*Supplied data*:
# # # # #

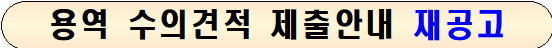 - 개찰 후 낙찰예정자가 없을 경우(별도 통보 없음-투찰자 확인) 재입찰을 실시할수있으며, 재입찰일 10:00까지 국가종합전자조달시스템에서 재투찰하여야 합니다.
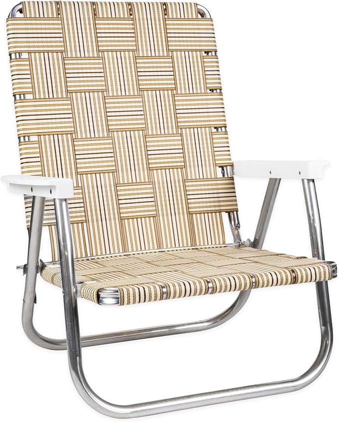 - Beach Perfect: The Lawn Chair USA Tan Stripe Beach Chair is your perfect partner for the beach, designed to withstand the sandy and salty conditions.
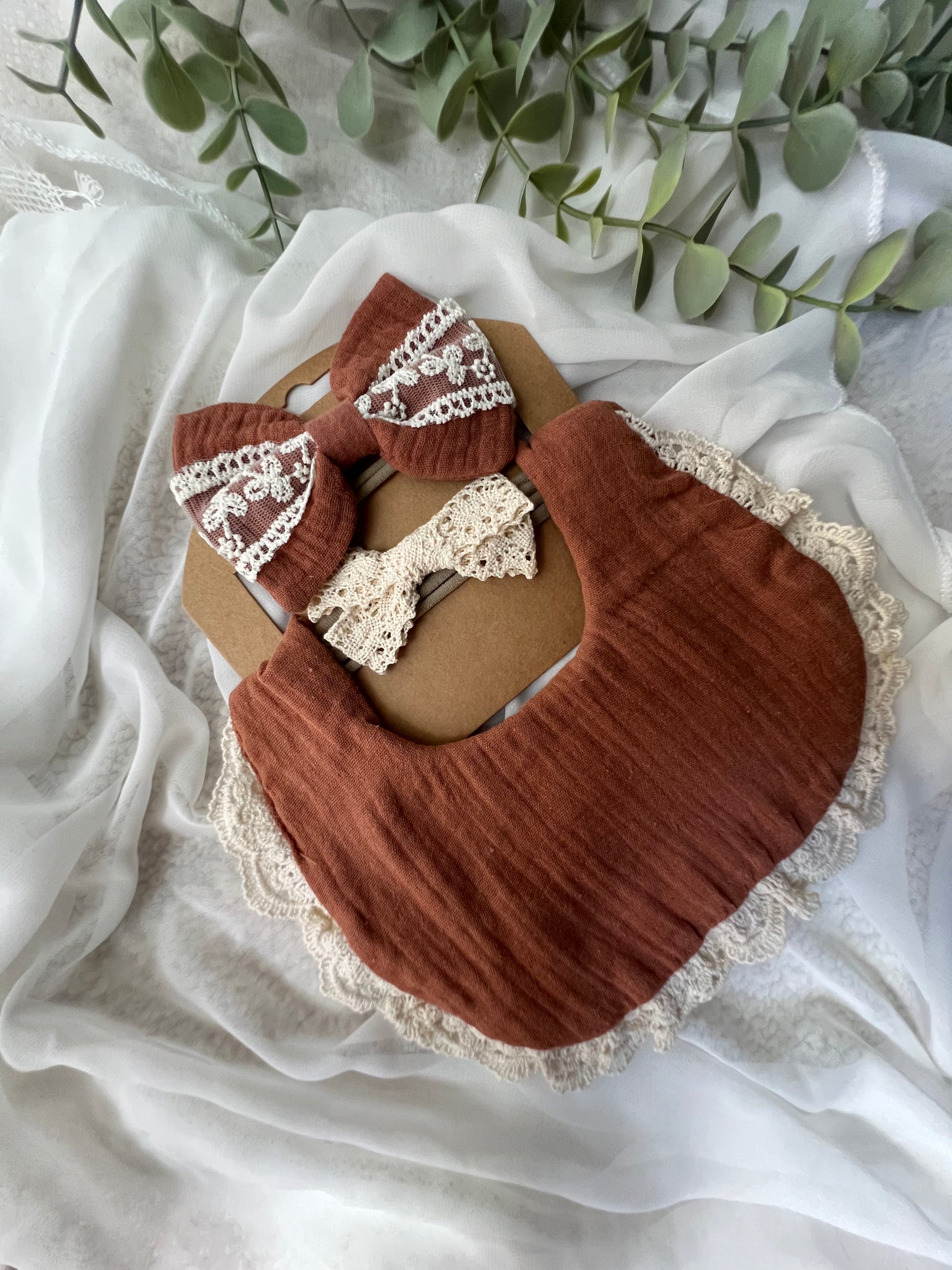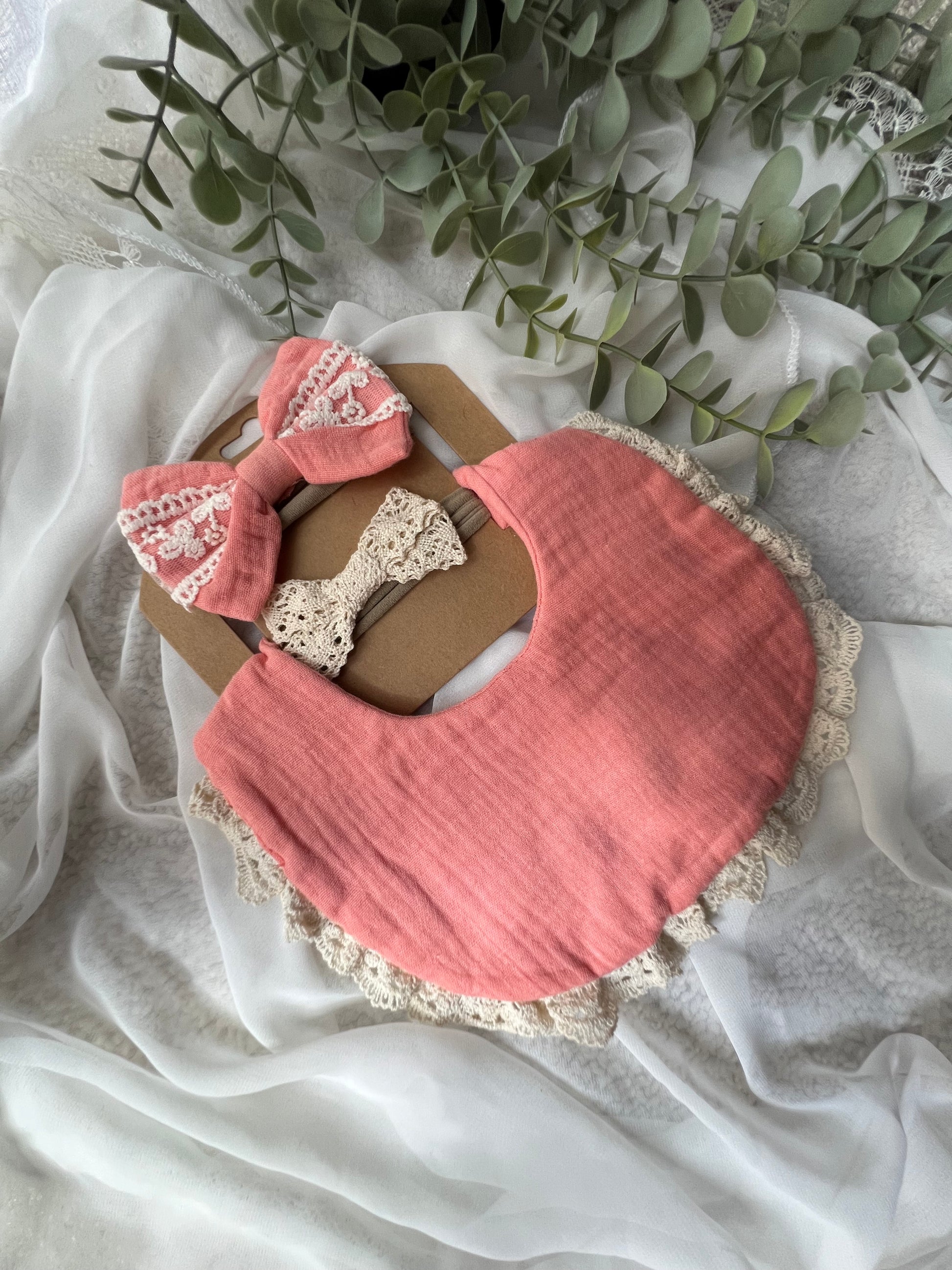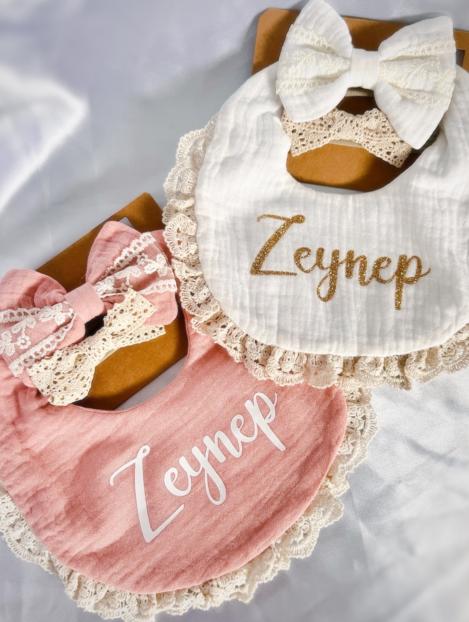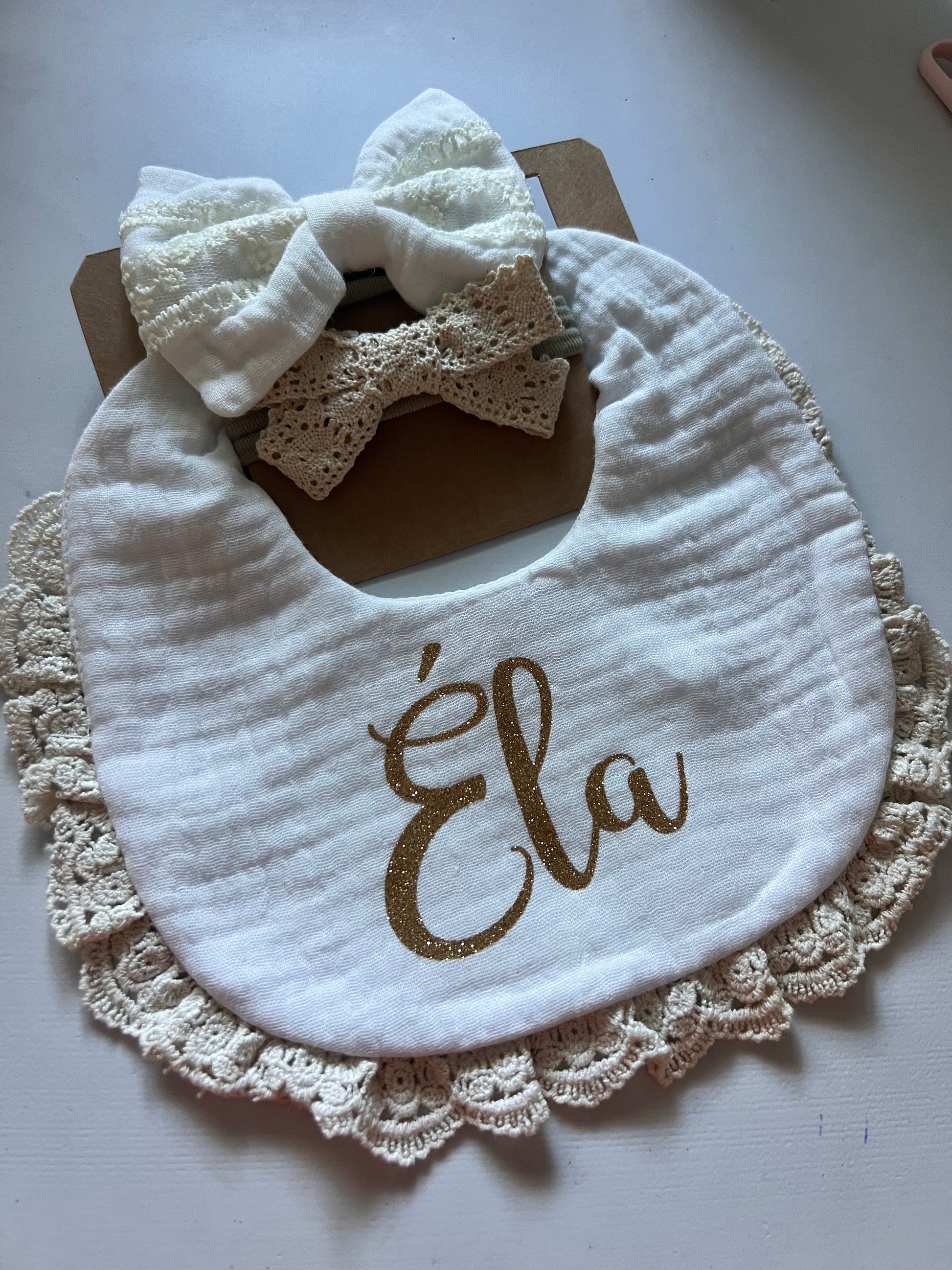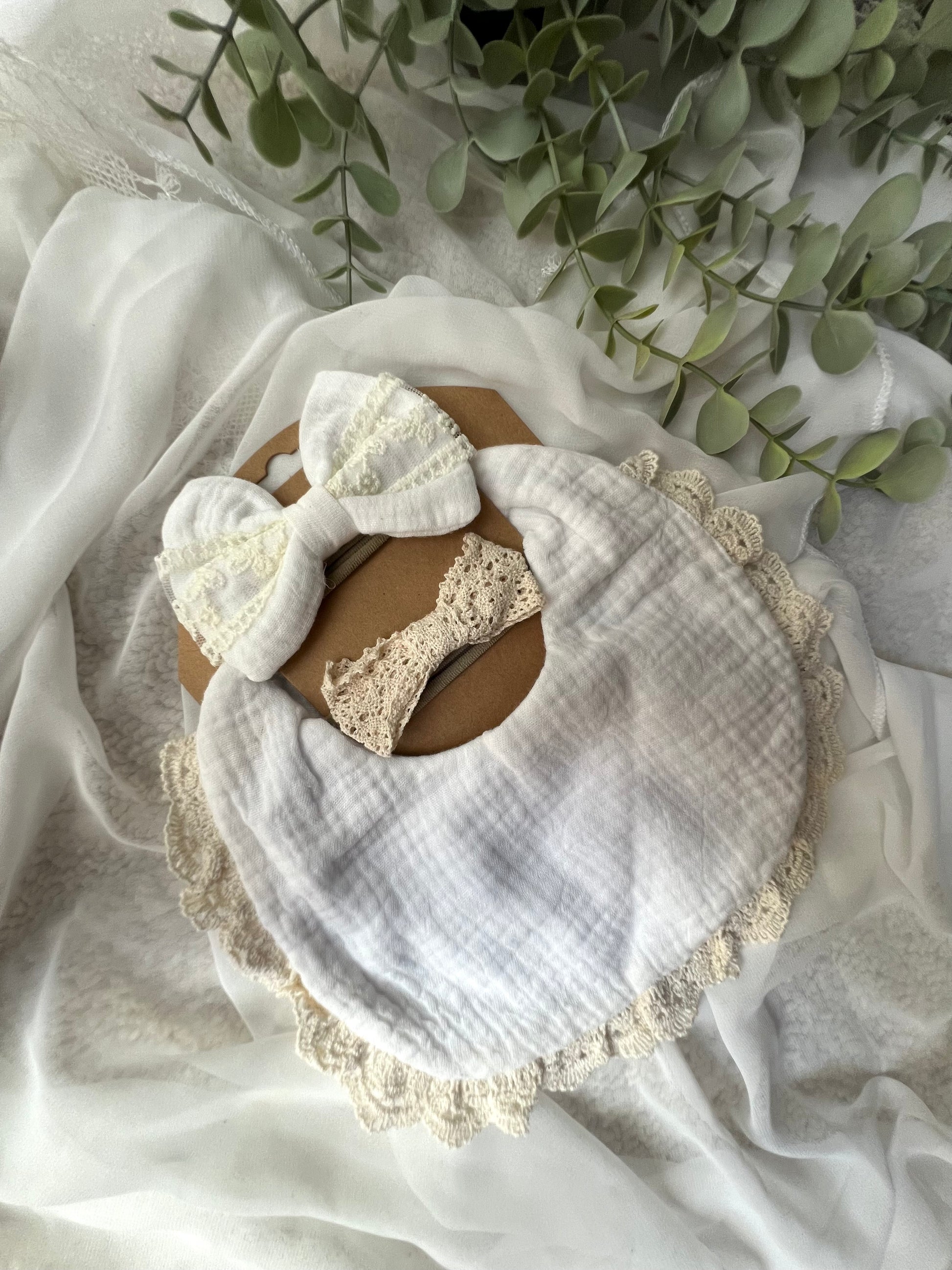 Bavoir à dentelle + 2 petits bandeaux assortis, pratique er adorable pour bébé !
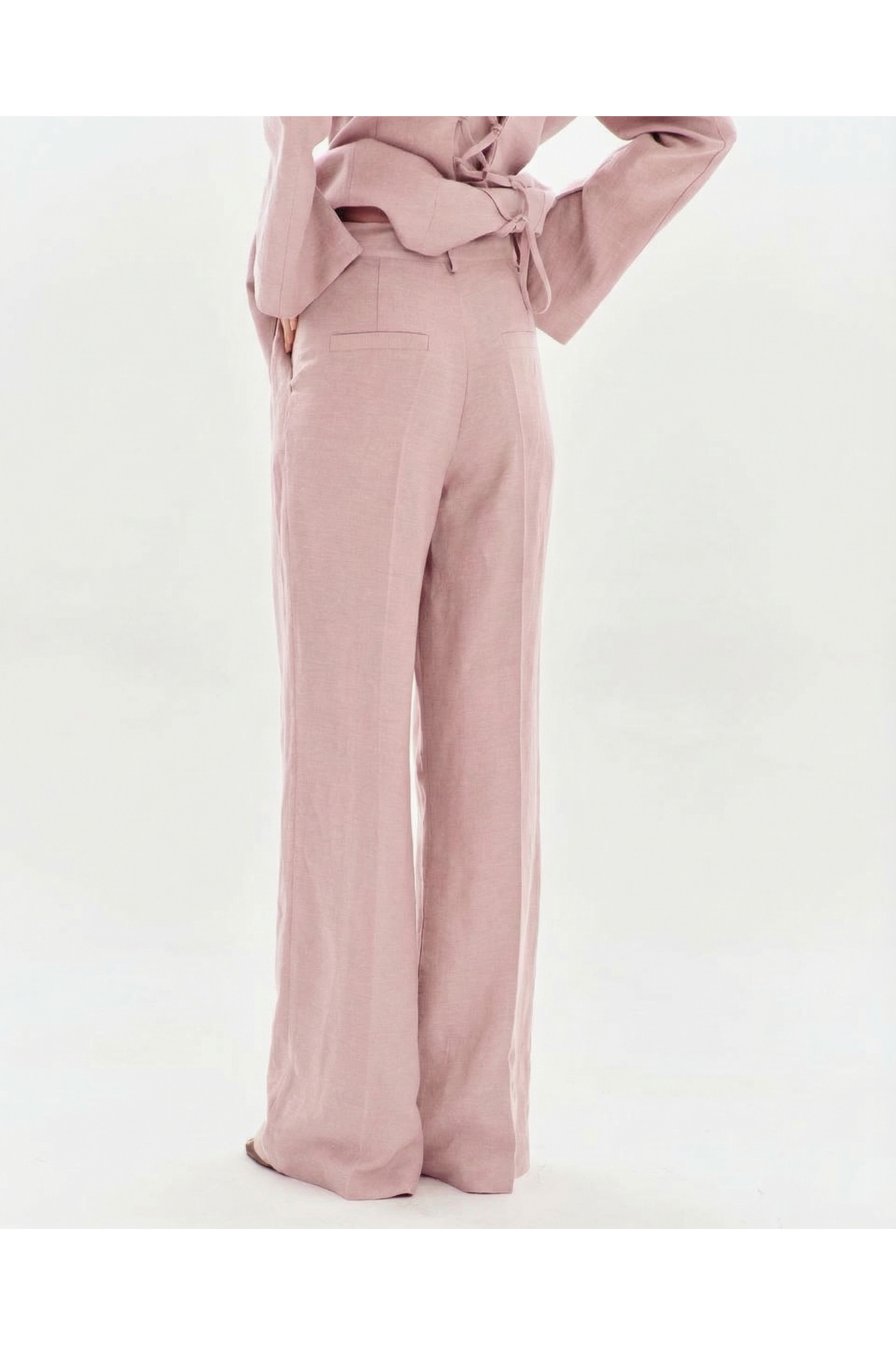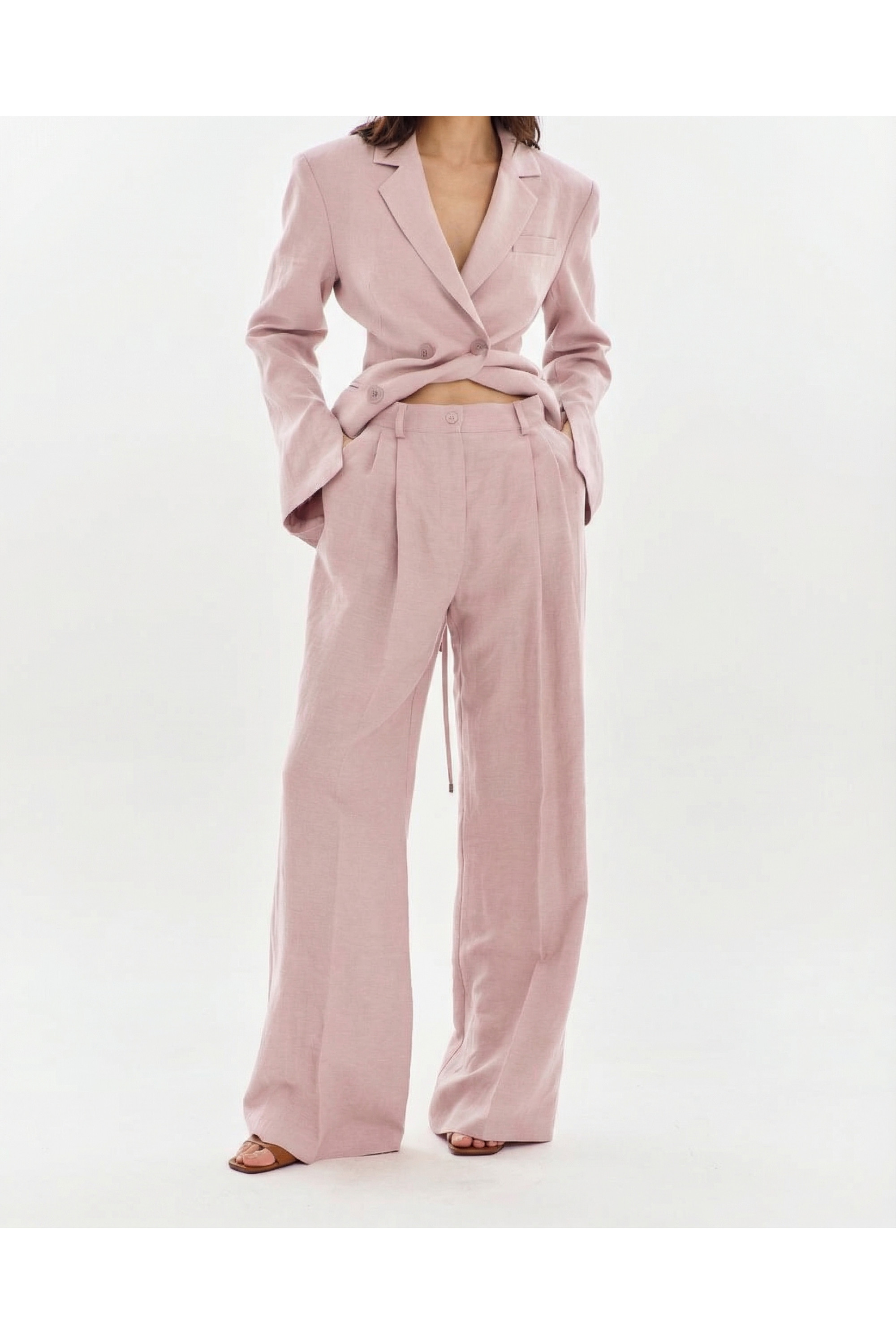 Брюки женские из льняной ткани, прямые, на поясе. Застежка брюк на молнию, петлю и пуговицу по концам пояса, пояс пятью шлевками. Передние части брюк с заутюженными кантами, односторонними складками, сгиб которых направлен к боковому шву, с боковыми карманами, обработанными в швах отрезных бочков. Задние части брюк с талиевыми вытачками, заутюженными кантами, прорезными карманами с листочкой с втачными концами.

# # # # #

*Exercise instructions*:
Send back the data above verbatim, leaving out its pictures.

*Reply*:
 - 개찰 후 낙찰예정자가 없을 경우(별도 통보 없음-투찰자 확인) 재입찰을 실시할수있으며, 재입찰일 10:00까지 국가종합전자조달시스템에서 재투찰하여야 합니다.
 - Beach Perfect: The Lawn Chair USA Tan Stripe Beach Chair is your perfect partner for the beach, designed to withstand the sandy and salty conditions.
 Bavoir à dentelle + 2 petits bandeaux assortis, pratique er adorable pour bébé !
 Брюки женские из льняной ткани, прямые, на поясе. Застежка брюк на молнию, петлю и пуговицу по концам пояса, пояс пятью шлевками. Передние части брюк с заутюженными кантами, односторонними складками, сгиб которых направлен к боковому шву, с боковыми карманами, обработанными в швах отрезных бочков. Задние части брюк с талиевыми вытачками, заутюженными кантами, прорезными карманами с листочкой с втачными концами.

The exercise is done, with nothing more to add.